The creek’s water rushes by where I sit in the meadow, slowed by the dam the ranchers have set to divert its course. Snow runoff continues to crawl and creep down our mountains, though there’s far too little of it this year.

 

A bird sounds from a place I cannot see in the tall cottonwoods that flank the trees. Suddenly, he soars, fearlessly diving into the clear blue sunny sky. I see it is a sparrow’s song that lightened the afternoon.

 

The wind stirs everything around me, from the houndstongue flower and milkvetch grass of the meadow to the shrubs and trees. It winds and wanders its way up to the jagged peaks of the Cimarron Range of the San Juans. These foothills of Chimney and Courthouse Peaks are my home. Here, I return to the sound of a heartbeat that is not my own, yet welcomes me into itself.

 

The wind returns to me, settling in the banks of the river and its trees, stirring my soul. I’m reminded of what Wendell Berry said, “Write a poem that does not disturb the silence from which it came.”

 

*****

 

I journeyed to the lake today in the quiet morning hours.
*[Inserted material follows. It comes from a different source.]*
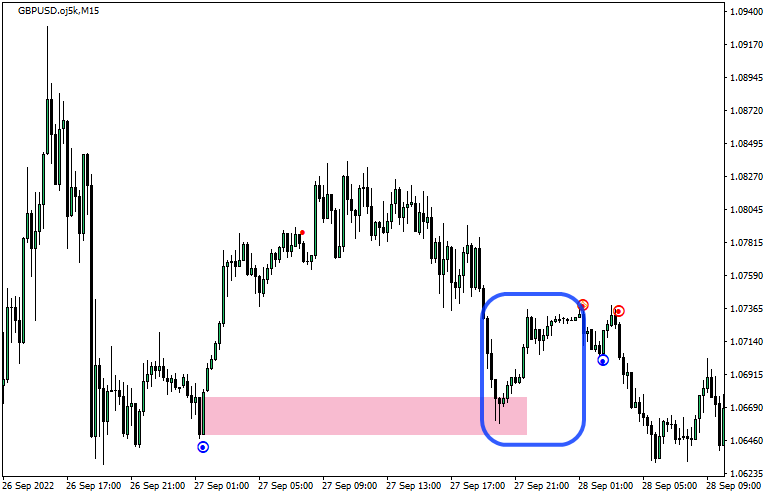 チャート左下で◎のドットが点灯後に勢いよく上昇し、オーダーブロック(ピンクのゾーン)を形成。

What a gift to sit on the sunny shore almost alone—

to see the easy morning tide and the ripples on the water,

the light that hits variant colors of stone.

On the rocky banks grow green grasses, weeds, and trees,

mama cottonwoods and their babies. 

I admire those plants that come to thrive 

out of the barren, hard, seemingly lifeless places.

There is life everywhere.

I find one shooting out of both rock and water with baby’s breath flowers,

though my field guide says it is broadleaved pepperweed.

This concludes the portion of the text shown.